Howells. I am glad you think so; but the book was never a popular success. Of all the Italian authors, the one I delighted in the most was Goldoni. His exquisite realism fascinated me. It was the sort of thing which I felt I ought not to like; but for all that I liked it immensely.

Boyesen. How do you mean that you ought not to like it?

Howells. Why, I was an idealist in those days. I was only twenty-four or twenty-five years old, and I knew the world chiefly through literature. I was all the time trying to see things as others had seen them, and I had a notion that, in literature, persons and things should be nobler and better than they are in the sordid reality; and this romantic glamour veiled the world to me, and kept me from seeing things as they are. But in the lanes and alleys of Venice I found Goldoni everywhere. Scenes from his plays were enacted before my eyes, with all the charming Southern vividness of speech and gesture, and I seemed at every turn to have stepped at unawares into one of his comedies. I believe this was the beginning of my revolt. But it was a good while yet before I found my own bearings.
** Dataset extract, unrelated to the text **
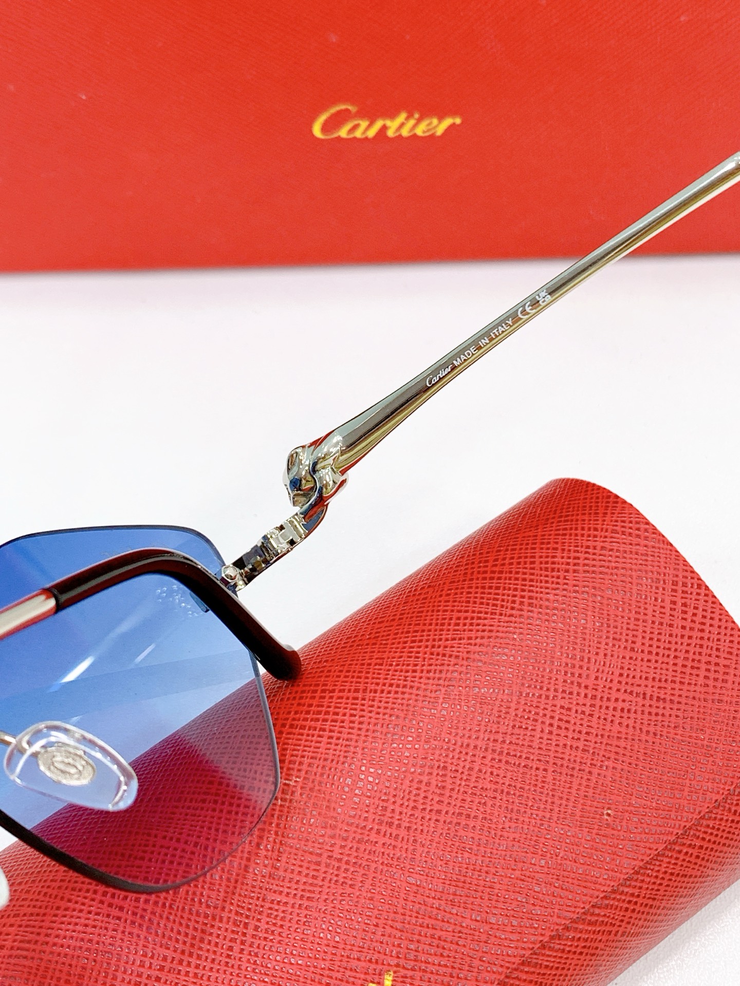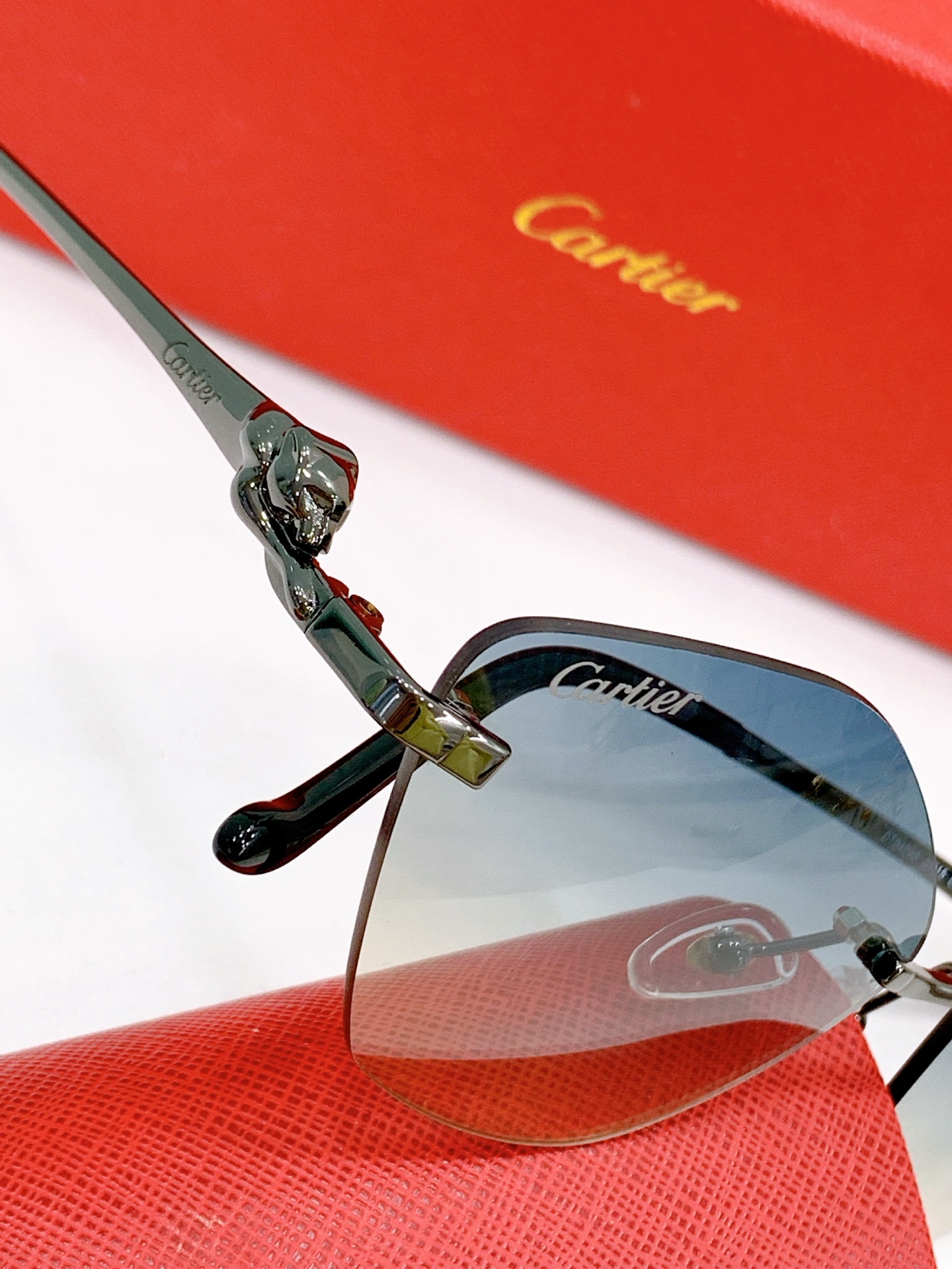 这款太阳眼镜是AAAAA 1:1 质量 (非常棒). 使用了和原版一模一样的材料. 商标部分也保持了和卡地亚/Cartier一样. 图片拍摄是实物太阳眼镜拍摄, 您所收到的实物保证和我们图片一模一样.
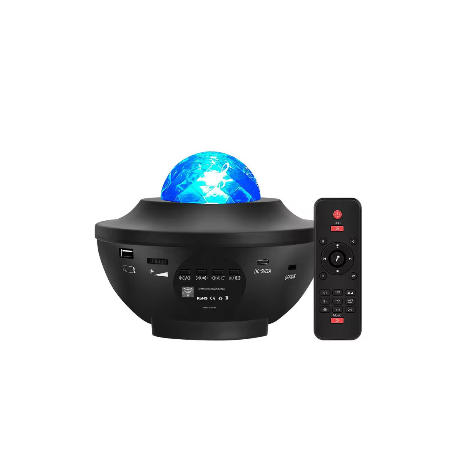 • Fjernbetjening inkluderet – juster lysstyrke, skift mønstre, musik og timer med et enkelt tryk.

Boyesen. But permit me to say that it was an exquisitely delicate set of fresh Western senses you brought with you to Venice. When I was in Venice in 1878, I could not get away from you, however much I tried. I saw your old Venetian senator, in his august rags, roasting coffee; and I promenaded about for days in the chapters of your “Venetian Life,” like the Knight Huldbrand, in the Enchanted Forest in “Undine,” and I could not find my way out. Of course, I know that, being what you were, you could not have helped writing that book, but what was the immediate cause of your writing it?

Howells. From the day I arrived in Venice I kept a journal in which I noted down my impressions. I found a young pleasure in registering my sensations at the sight of notable things, and literary reminiscences usually shimmered through my observations. Then I received an offer from the “Boston Daily Advertiser,” to write weekly or bi-weekly letters, for which they paid me five dollars, in greenbacks, a column, nonpareil. By the time this sum reached Venice, shaven 8 and shorn by discounts for exchange in gold premium, it had usually shrunk to half its size or less. Still I was glad enough to get even that, and I kept on writing joyously. So the book grew in my hands until, at the time I resigned in 1865, I was trying to have it published. I offered it successively to a number of English publishers; but they all declined it. At last Mr. Trübner agreed to take it, if I could guarantee the sale of five hundred copies in the United States, or induce an American publisher to buy that number of copies in sheets. I happened to cross the ocean with Mr. Hurd of the New York firm of Hurd & Houghton, and repeated Mr. Trübner’s proposition to him. He refused to commit himself; but some weeks after my arrival in New York, he told me that the risk was practically nothing at all, and that his firm would agree to take the five hundred copies. The book was an instant success. I don’t know how many editions of it have been printed, but I should say that its sale has been upward of forty thousand copies, and it still continues. The English weeklies gave me long complimentary notices, which I carried about for months in my pocket like love-letters, and read surreptitiously at odd moments. I thought it was curious that other people to whom I showed the reviews did not seem much interested.

W. D. HOWELLS. FROM A PHOTOGRAPH TAKEN AT CAMBRIDGE IN 1868.

Boyesen. After returning to this country, did not you settle down in New York?

Howells. Yes; I was for a while a free lance in literature. I did whatever came in my way, and sold my articles to the newspapers, going about from office to office, but I was finally offered a place in “The Nation,” where I obtained a fixed position at a salary. I had at times a sense that, by going abroad, I had fallen out of the American procession of progress; and, though I was elbowing my way energetically through the crowd, I seemed to have a tremendous difficulty in recovering my lost place on my native soil, and asserting my full right to it. So, when young men beg me to recommend them for consulships, I always feel in duty bound to impress on them this great danger of falling out of the procession, and asking them whether they have confidence in their ability to reconquer the place they have deserted, for while they are away it will be pretty sure to be filled by somebody else. A man returning from a residence of several years abroad has a sense of superfluity in his own country—he has become a mere supernumerary whose presence or absence makes no particular difference.